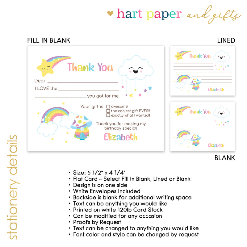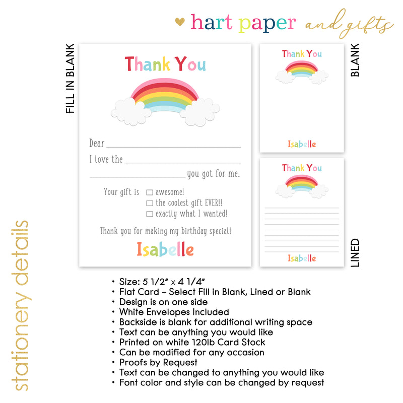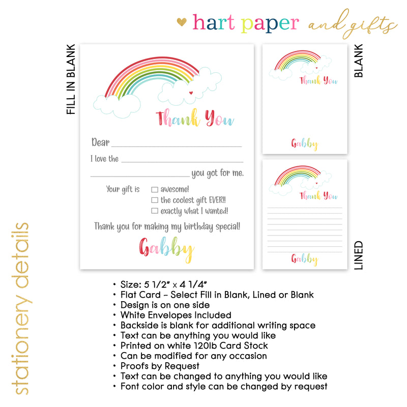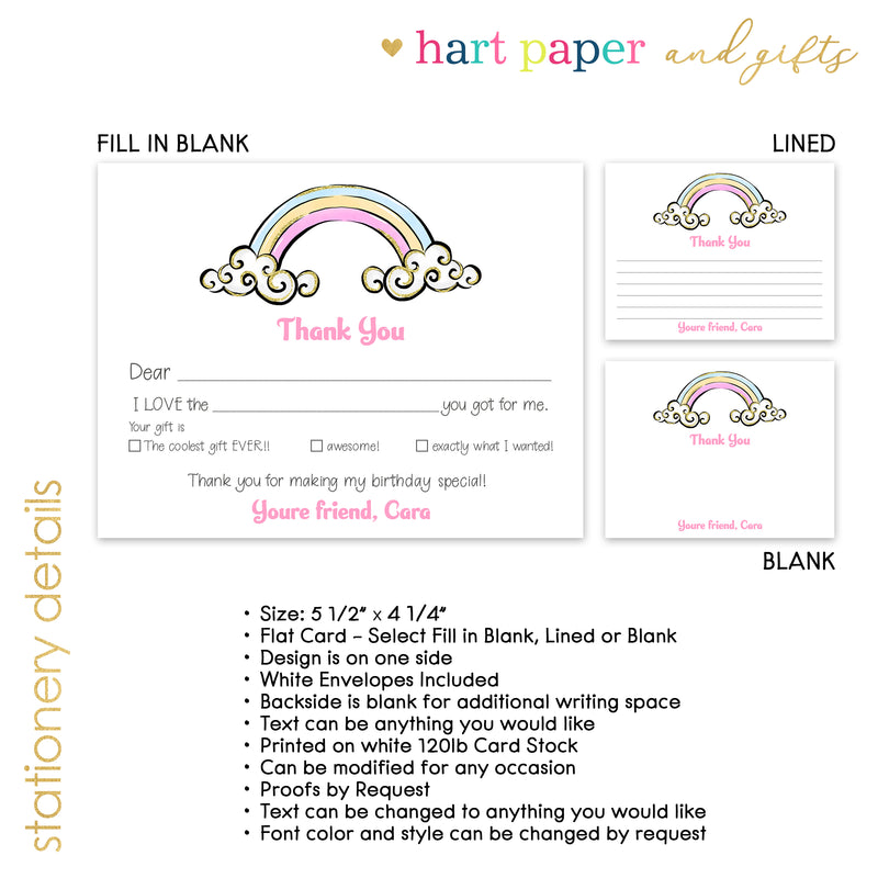 Rainbow Thank You Note Card Personalized Custom Stationery • Fill in Blank, Lined or Blank Cards
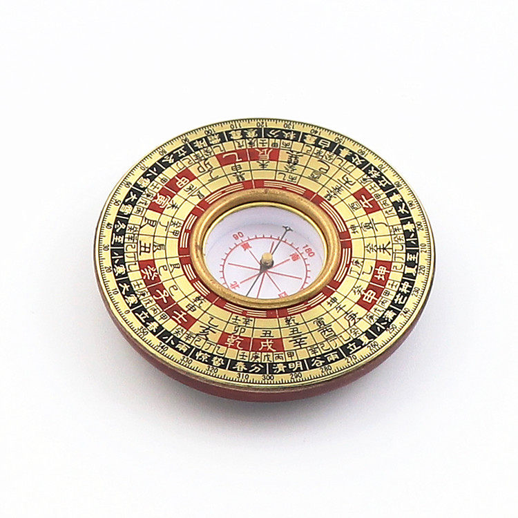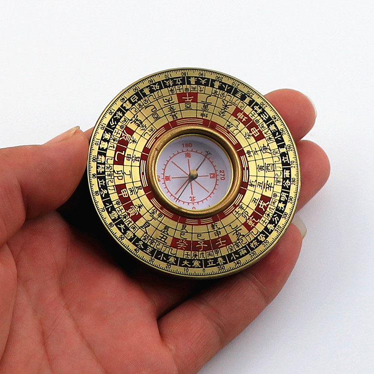 Antique round 2 inch yellow concave word integrated compass compass compass Feng Shui plate pure copper
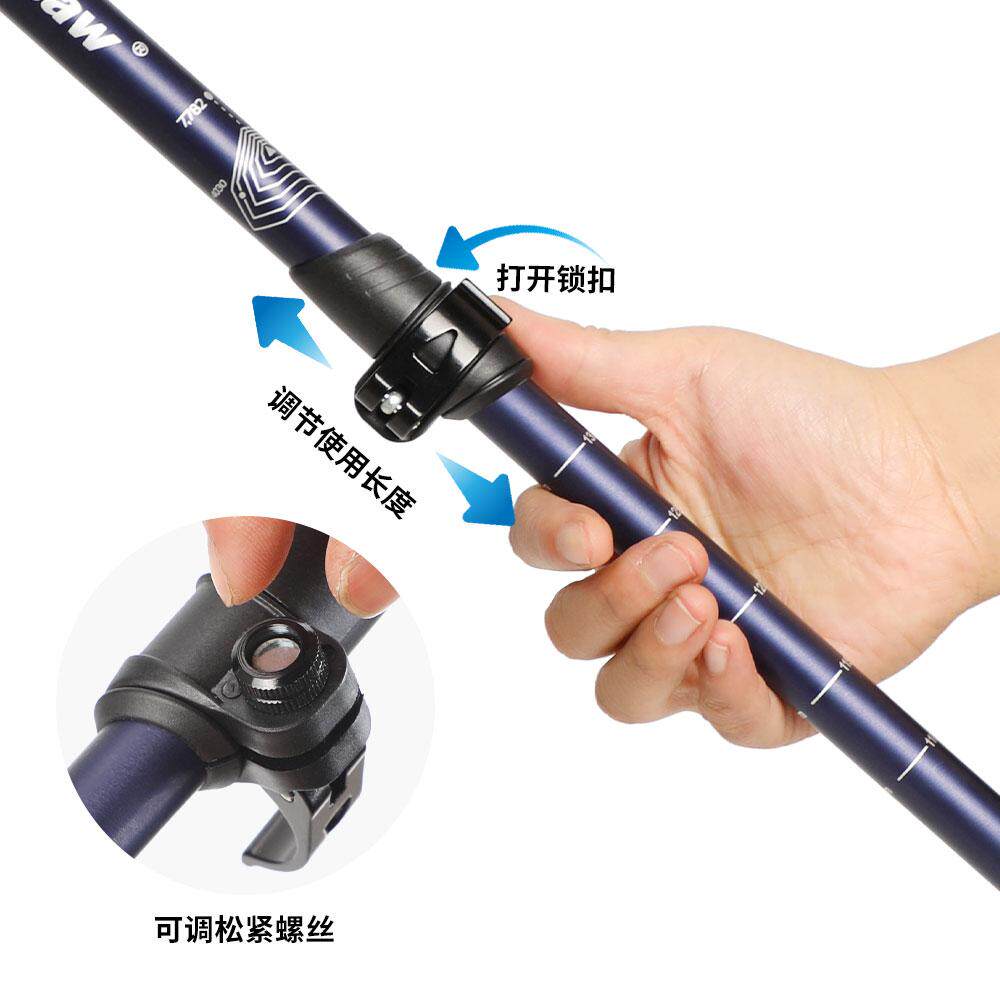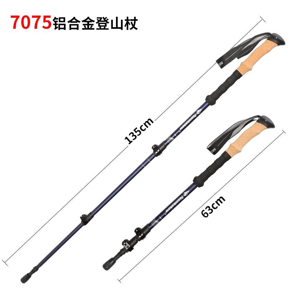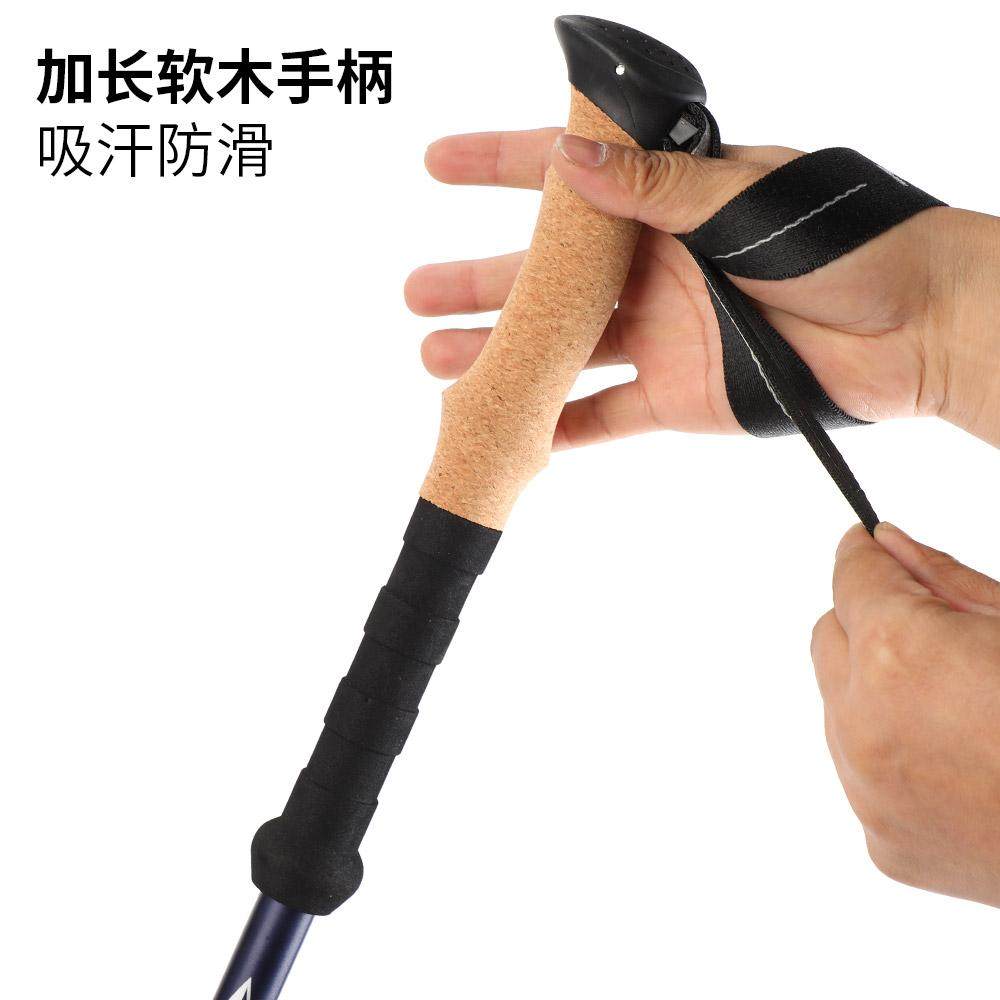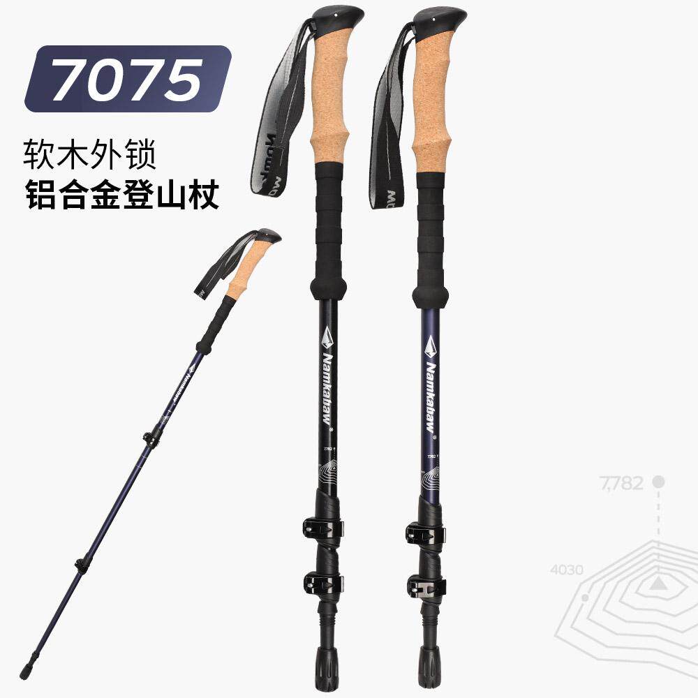 户外高级软木外锁登山杖7075铝合金三节便携伸缩徒步手杖山地拐杖
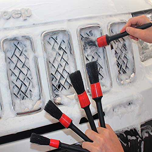 Ampia applicazione: il kit di pennelli per dettagli può aiutarti a pulire aree strette che sono difficili da raggiungere per pulire la polvere, adatto per la pulizia di interni, esterni, ruote, cruscotto, spazi di sede, raggi, prese d'aria, cerchi, briciole di pane e altri piccoli oggetti, ecc.
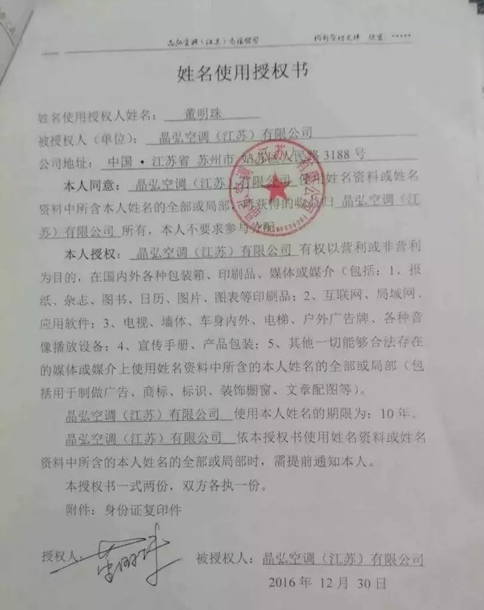 一纸姓名使用授权书似乎揭示了这位“董明珠”的来头。转转某“REE弘立”空调卖家将一份文件发布在产品介绍页面,文件显示,一位名叫“董明珠”的人,将其姓名授权给晶弘空调(江苏)有限公司使用,所带来的收益归公司所有,“董明珠”不参与分配。这份文件的签署时间是2016年12月30日,有效期为10年,并盖有晶弘空调(江苏)有限公司的公章。经AI财经社比对,“董明珠”的手写签名与格力董事长董明珠的签名显然不同。
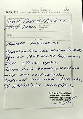 Afyon Kamu Hastaneleri Başkanı ve Afyonkarahisar Devlet Hastanesi kalp ve damar cerrahi uzmanı Op. Dr. Kadir Gökhan Saçkan, hastane çalışanlarına şehit aileleri, gaziler ve ailelerine daha duyarlı davranmaları için not yazdı. Saçkan reçete üzerine yazdığı mesajın fotoğrafını çekip WhatsApp durumundan paylaştı. Mesajı gören bazı çalışanlar da reçete üzerindeki notu kendi sosyal medya hesaplarından paylaştı. Bir anda sosyal medya üzerinde yayılan mesaj çok sayıda beğeni ve yorum aldı.
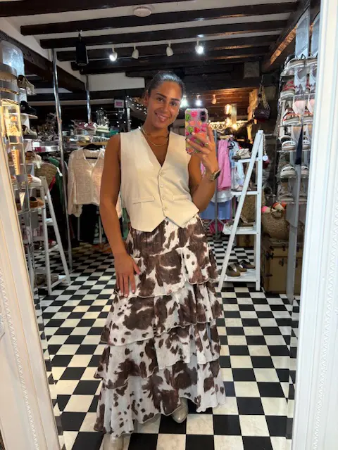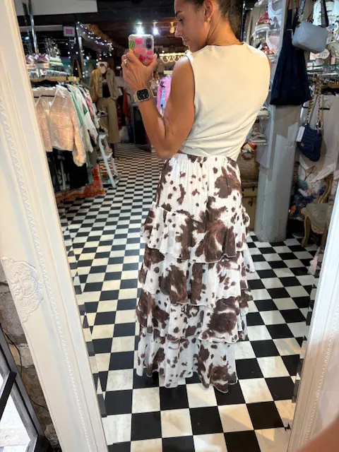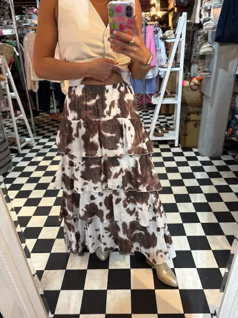 Hop right onto this years trend with this amazing frill cow print maxi skirt. Can be dressed up or down.
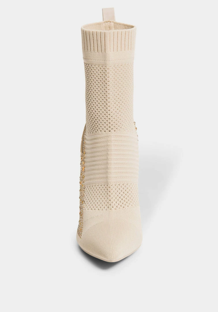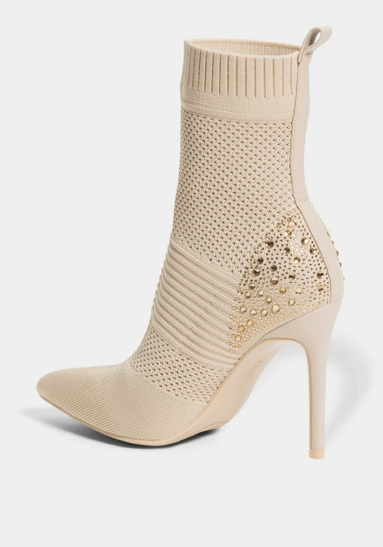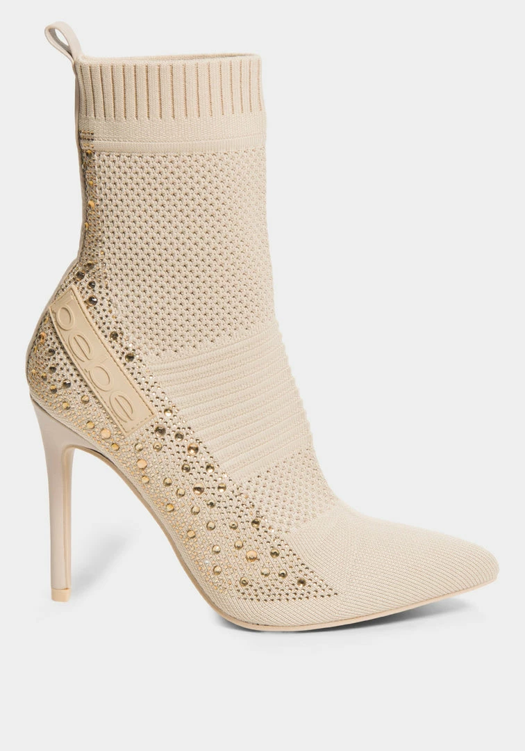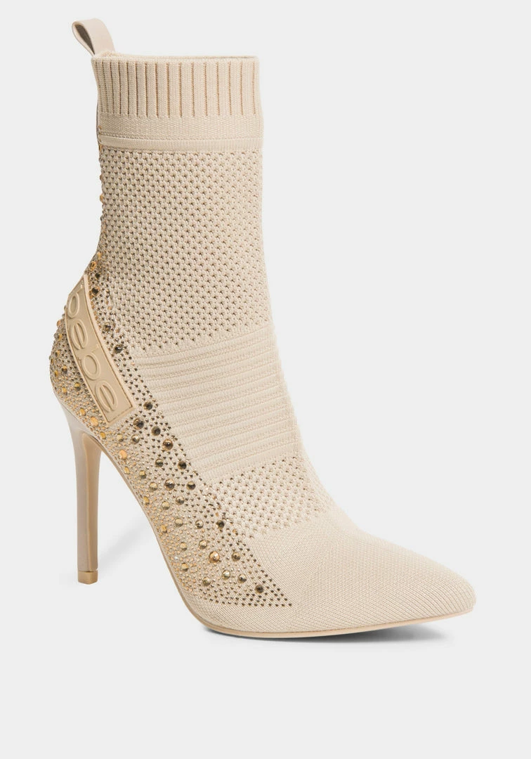 These perfect booties feature fly knit ribbed texture and delicate rhinestones for a pop of glam with a pointed toe and stiletto heel.

Work instructions – In the data above, find the line with "Antique round 2" and the line with "一纸姓名使用授权书似乎揭示了". Please copy exactly those two lines and every line between them, but not the pictures.

Answer to this task –
 Antique round 2 inch yellow concave word integrated compass compass compass Feng Shui plate pure copper
 户外高级软木外锁登山杖7075铝合金三节便携伸缩徒步手杖山地拐杖
 Ampia applicazione: il kit di pennelli per dettagli può aiutarti a pulire aree strette che sono difficili da raggiungere per pulire la polvere, adatto per la pulizia di interni, esterni, ruote, cruscotto, spazi di sede, raggi, prese d'aria, cerchi, briciole di pane e altri piccoli oggetti, ecc.
 一纸姓名使用授权书似乎揭示了这位“董明珠”的来头。转转某“REE弘立”空调卖家将一份文件发布在产品介绍页面,文件显示,一位名叫“董明珠”的人,将其姓名授权给晶弘空调(江苏)有限公司使用,所带来的收益归公司所有,“董明珠”不参与分配。这份文件的签署时间是2016年12月30日,有效期为10年,并盖有晶弘空调(江苏)有限公司的公章。经AI财经社比对,“董明珠”的手写签名与格力董事长董明珠的签名显然不同。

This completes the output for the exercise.